Les cessions de parts sociales doivent être constatées par écrit (Article L 221-14, al. 1 du Code de commerce) pour les parts de SNC et, sur renvoi des art. L 222-2 et L 223-17, pour les parts de SCS et de SARL) en autant d’exemplaires qu’il y a de parties ayant un intérêt distinct à la cession (Article 1325, al. 1 du Code de commerce) c’est-à-dire autant d’exemplaires qu’il y a de cédants et d’acquéreurs.

L’absence d’écrit ne rend pas la cession nulle. Mais l’écrit est nécessaire pour publier la cession et la rendre opposable à la société. Il a donc une influence sur l’obligation de délivrance du cédant.

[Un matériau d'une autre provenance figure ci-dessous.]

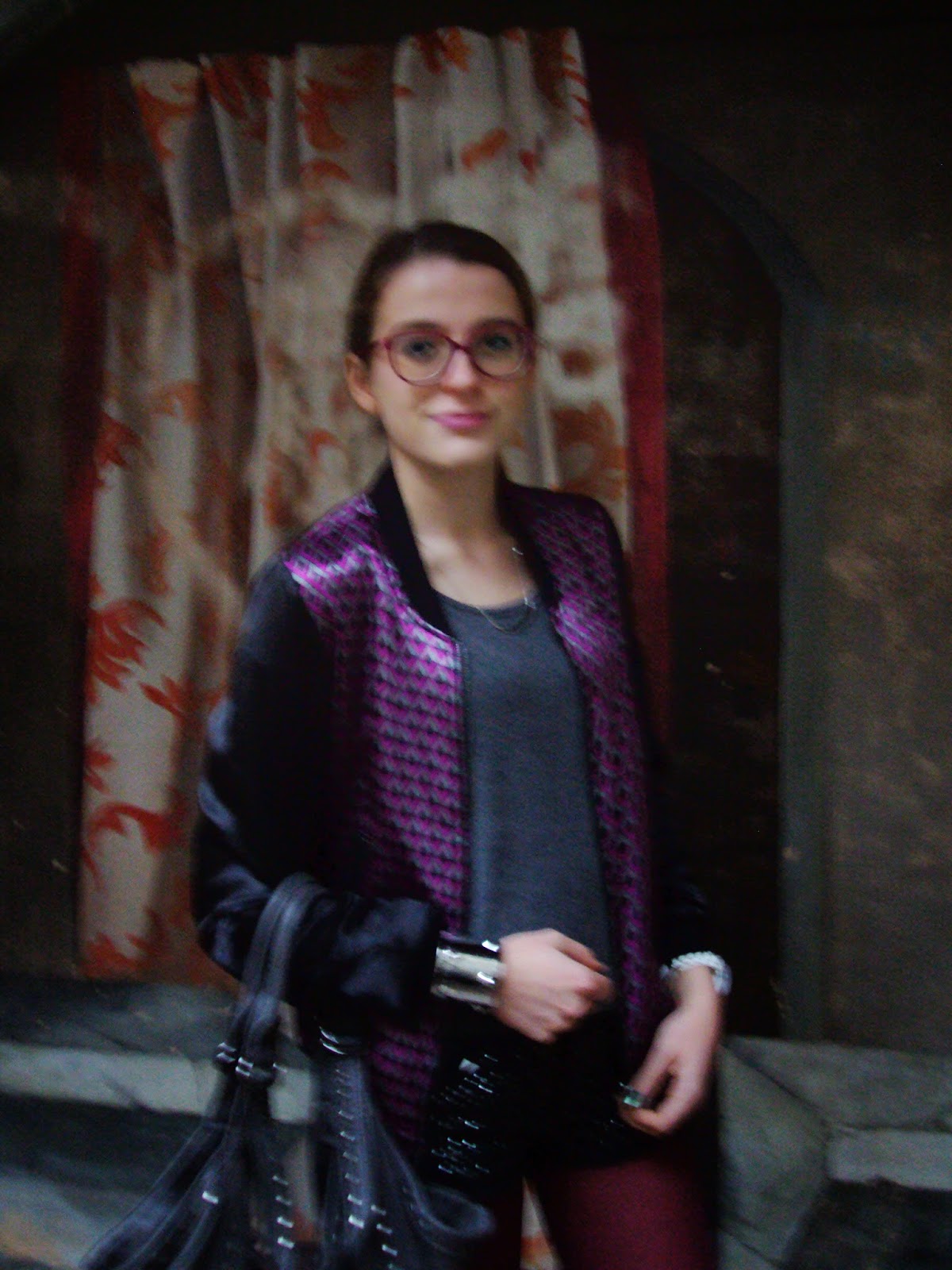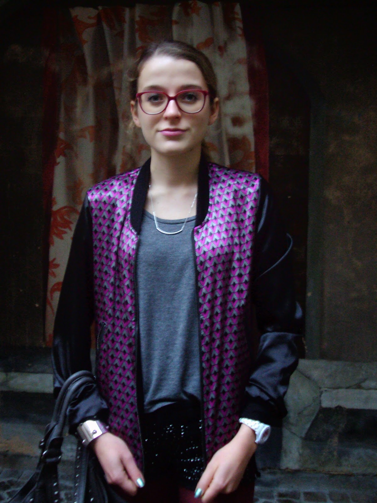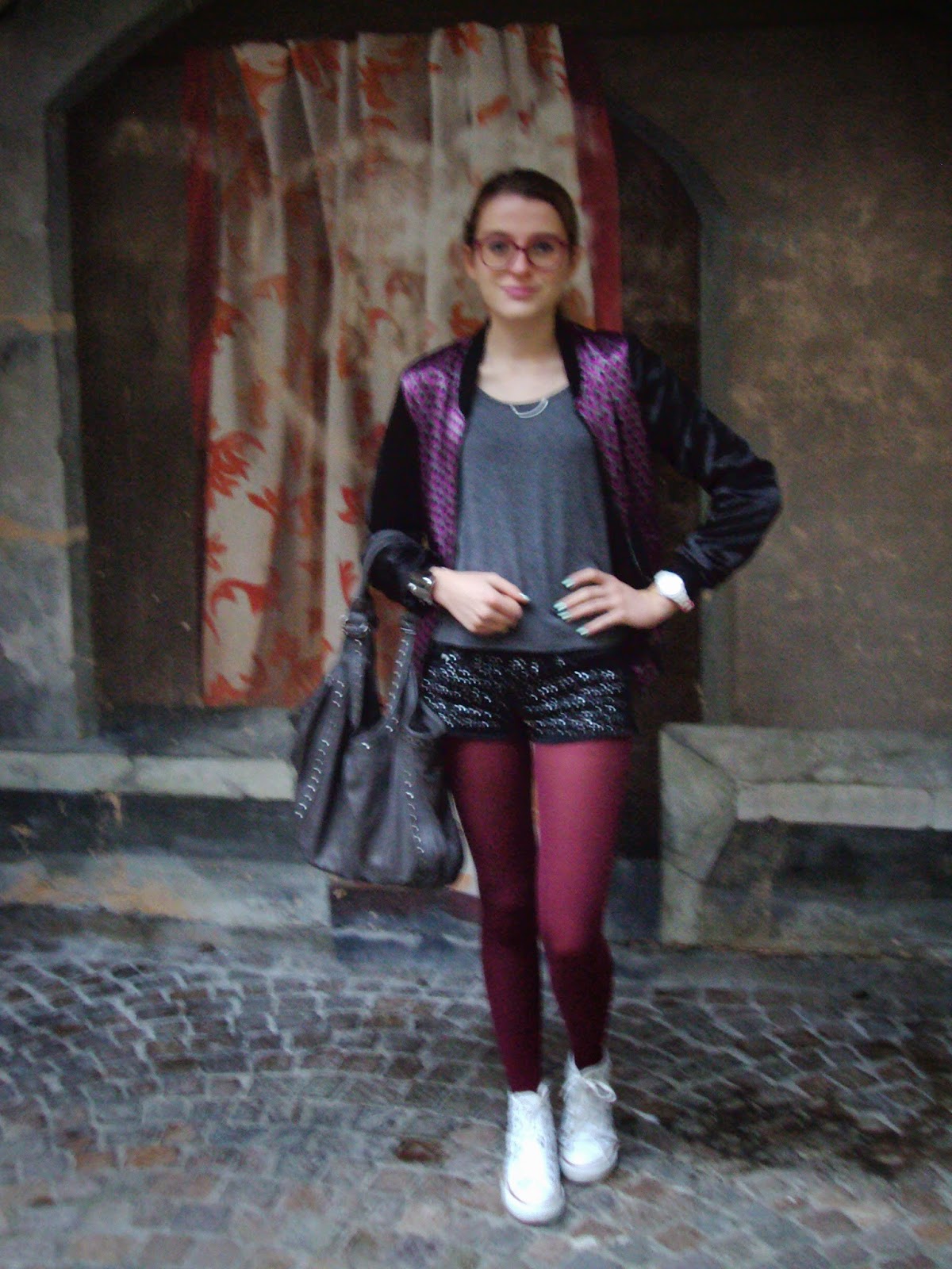 Un look aux tendances violettes shooté le dernier dimanche de novembre. Un dimanche tranquille composé de révisions ( traduction anglaise), cinéma, petit tour du marché de noel, goûter tranquille. Bref journée sympa. J’avais envie de violet. Déjà pour sortir mon teddy en satin acheté l’hiver dernier chez New Yorker pour 5 ou 8€ il me semble. Et je crois bien que je ne vous l’avais jamais montré. Pourtant je l’aime bien mais j’avais un peu du mal à l’associer. Mais depuis que j’ai acheté quelques hauts plus basiques qu’à mon habitude ( noirs, gris, blancs), c’est plus facile. Un haut gris tout simple mais tellement doux et confortable et franchement assez chaud( merci Brandy!!) Un short noir, mais tout de même à strass et des touches de violet, dont mon maquillage ( fard à paupières Biguine Make up et un baume coloré Revlon). Avec de l’imprimé violet et un collant de la même couleur, mieux vaut jouer le reste soft. Mon sac gris, mes Converse et mon autre nouveau collier Brandy Melville ( oui cette enseigne va devenir ma marque préférée. Je deviens plus sobre avec l’âge. Dans le même genre qu’Urban Outfitters d’ailleurs. On reparle d’ailleurs bientôt de mes achats américains dans j’espère une vidéo haul.

Les formalités d’opposabilité de la cession

Opposabilité à la société

Les cessions de parts sociales sont opposables à la société (C. com. art. L 221-14, al. 1 pour les parts de SNC et, sur renvoi des art. L 222-2 et L 223-17, pour les parts de SCS et de SARL) soit dans les formes prévues à l’article 1690 du Code civil, c’est-à-dire au moyen d’une signification par huissier ou d’une acceptation de la société par l’intermédiaire de son gérant dans un acte authentique, soit par le dépôt d’un original de l’acte de cession au siège social contre remise par le gérant d’une attestation de ce dépôt.

Opposabilité aux tiers

Les cessions de parts sociales ne sont opposables aux tiers qu’après accomplissement des formalités d’opposabilité à la société et, en outre, après publication des statuts modifiés au registre du commerce et des sociétés (RCS), ceux-ci pouvant être transmis par voie électronique (pour les parts de SNC, C. com. art. L 221-14, al. 2 et, pour les parts de SCS et de SARL, sur renvoi des art. L 222-2 et L 223-17).

L’enregistrement

Les cessions de parts sociales constatée par un acte est obligatoirement soumise à la formalité de l’enregistrement dans le délai d’un mois à compter de la date de l’acte (CGI art. 635, 2-7° et 2-7° bis). L’acte est enregistré au service des impôts du domicile de l’une des parties ou de la résidence du notaire si la cession est réalisée par acte notarié.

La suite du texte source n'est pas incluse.